• WHAT IS BEING ASKED:
Exactly reproduce the lines of the listing below from the one containing "Murais de parede" through the one containing "I started with". Skip the images.

• RECORDS PROVIDED:
════════════════════
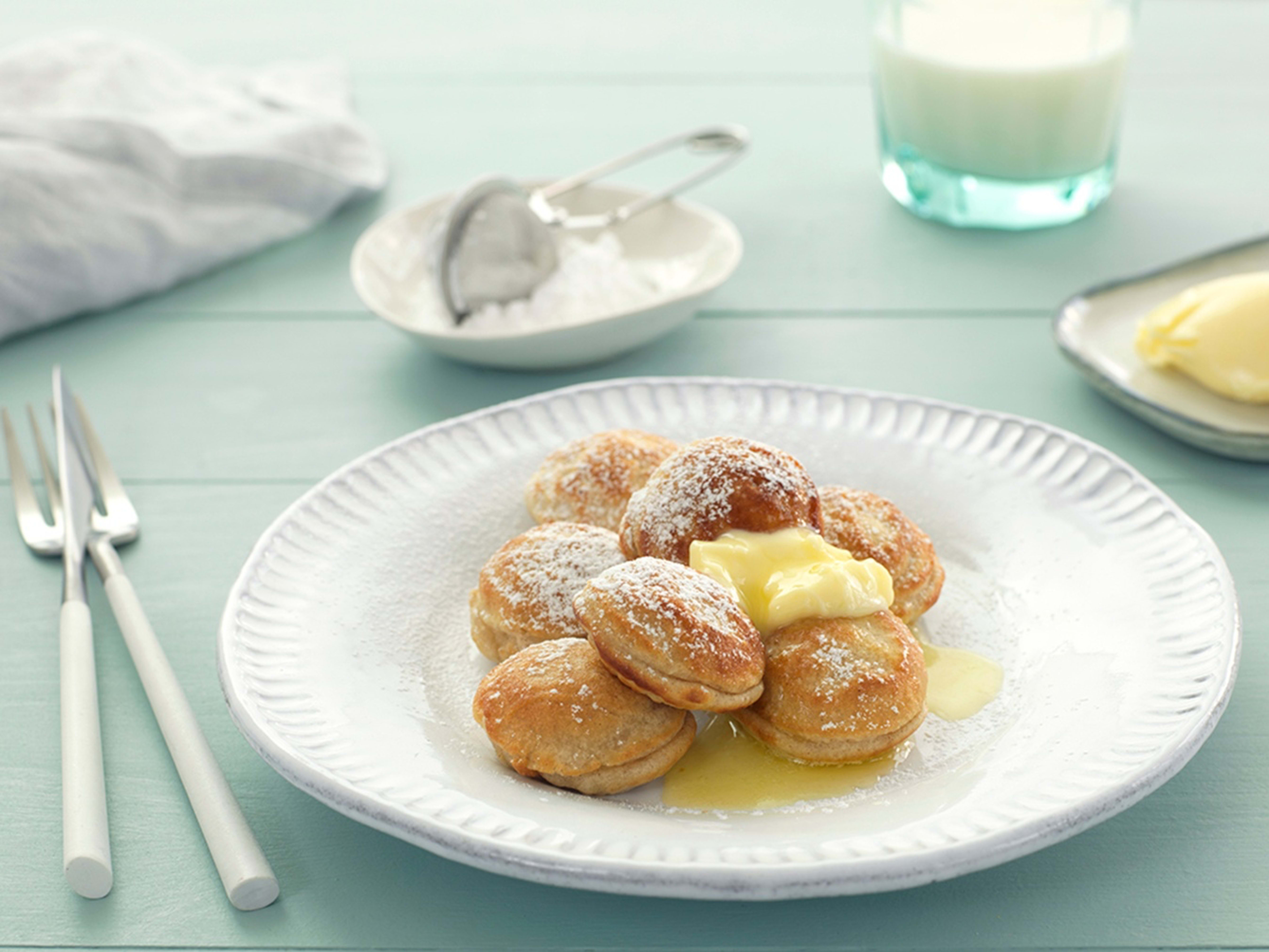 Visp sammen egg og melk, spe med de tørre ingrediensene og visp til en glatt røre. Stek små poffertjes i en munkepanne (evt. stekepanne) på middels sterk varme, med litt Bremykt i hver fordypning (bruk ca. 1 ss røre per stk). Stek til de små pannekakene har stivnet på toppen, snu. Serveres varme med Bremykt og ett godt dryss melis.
════════════════════
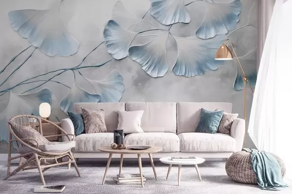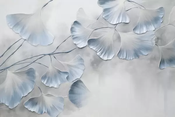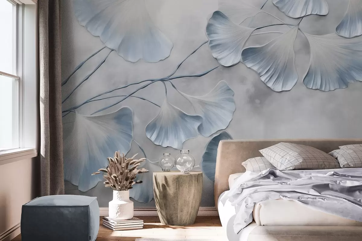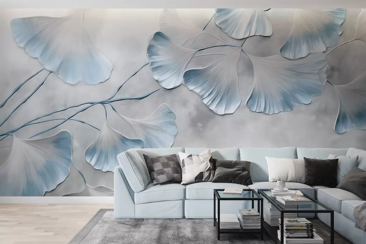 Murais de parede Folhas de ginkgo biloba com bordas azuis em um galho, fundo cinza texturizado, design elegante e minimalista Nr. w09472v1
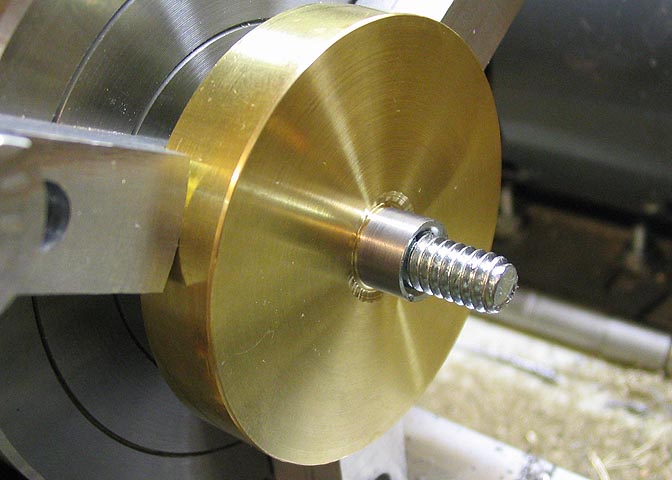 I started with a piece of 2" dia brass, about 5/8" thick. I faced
════════════════════
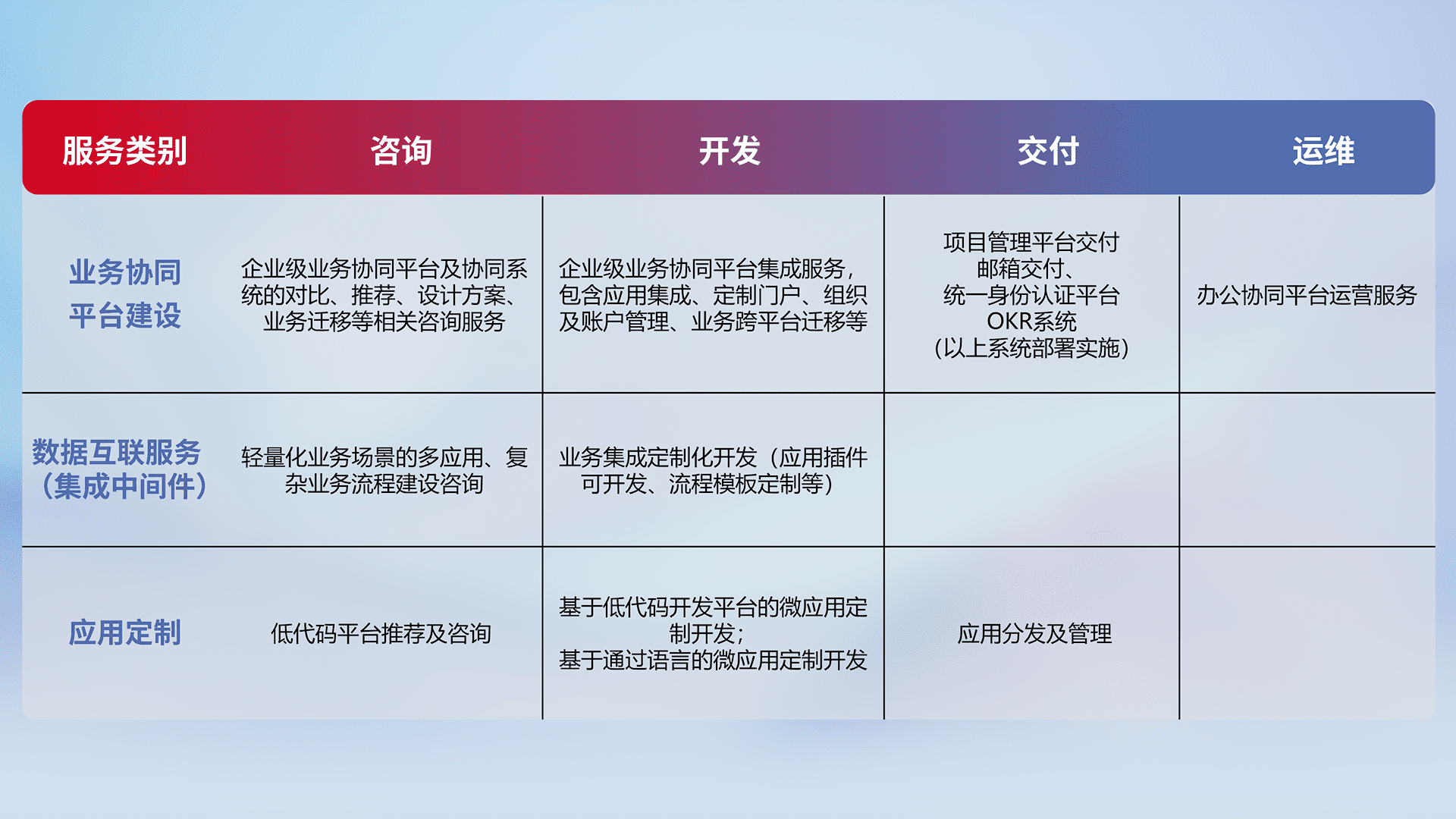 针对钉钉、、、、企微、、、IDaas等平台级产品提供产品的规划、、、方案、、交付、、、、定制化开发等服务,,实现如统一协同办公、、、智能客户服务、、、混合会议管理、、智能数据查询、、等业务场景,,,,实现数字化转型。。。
════════════════════
• TASK RESPONSE:
 Murais de parede Folhas de ginkgo biloba com bordas azuis em um galho, fundo cinza texturizado, design elegante e minimalista Nr. w09472v1
 I started with a piece of 2" dia brass, about 5/8" thick. I faced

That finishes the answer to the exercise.